The talit is a square piece of material armor: each corner having “5” double knots with windings between them that progressively culminate with “13” windings. When taken as a square, we arrive at the geometric progression “52” (13 X 4). Therefore, the unspoken name of G-d (“26”) is contained within “13” and “52” (13:26::26:52) of the geometric progression. Each half of the talit has two corners equating “26” windings (13 X 2), representing the Tetragrammation for “Adonai,” and the “10” double knots (5 X 2) representing the ten Sefirot of the Tree of Life. This is duplicated in the other half of the talit, representing divine mediation of the double “26” or the geometric progression 26::26. This double geometric progression represents the spatial co-existence of the Upper and Lower Worlds, as we learned in my treatise Judaism, Kabbalah and Reincarnation, Part II, they are "companioned."

When we gather the tzitzit and bring the four corners together in the form of two pairs from each half of the talit, we wind up with “20” (10 X 2) double knots plus the two paired corners of the tzitzit (20 + 2) to form the “22” paths that connect the letters that make up the Hebrew alphabet.
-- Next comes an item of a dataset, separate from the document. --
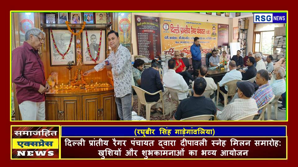 दिल्ली, समाजहित एक्सप्रेस (रघुबीर सिंह गाड़ेगांवलिया) l दिल्ली में रैगर समाज की सर्वोच्च संस्था दिल्ली प्रांतीय रैगर पंचायत (पंजी०) के तत्वाधान में दिवाली के उपलक्ष्य में शनिवार 18 अक्टूबर 2025 को श्री गंगा मंदिर स्थित कार्यालय में दिवाली मंगल मिलन समारोह का आयोजन किया गया। इस कार्यक्रम में पंचायत मंत्रिमंडल, युवा प्रकोष्ठ, कार्यकारिणी सदस्यों और क्षेत्रीय पंचायत के पदाधिकारीगण ने उत्साह पूर्वक भाग लिया। दिवाली से पहले ही धन तेरस को समाज में आपसी भाईचारे और खुशियों की रोशनी से दिल्ली प्रांतीय रैगर पंचायत का कार्यालय आलोकित किया गया । समारोह का वातावरण बेहद उत्साहपूर्ण और आनंदमय रहा जिसमें दीपावली की खुशी हर चेहरे पर झलक रही थी ।

Therefore, the expression “we not only walk with G-d, we contain G-d” is accomplished by wrapping ourselves in the talit katan and especially the talit gadol (prayer shawl). We are able to say this because the numerical value of the tzitzit represent the unspoken name of G-d in the Upper and Lower Worlds (“26::26”), all the letters of the Hebrew alphabet and their combinations (the Torah) through the paths of the talit (“22”), the highest definition of the Ish (“13”), all the descendants of our father Israel (“13”), and the number of the Messiah ben-Yosef (“13”). This is why the talit is treated with such respect and reverence because it is the complete Kabbalistic symbol of our covenantal, cosmic destiny. Viewed in its proper perspective, the talit is one of the most powerful instruments of the expression of the Jewish faith.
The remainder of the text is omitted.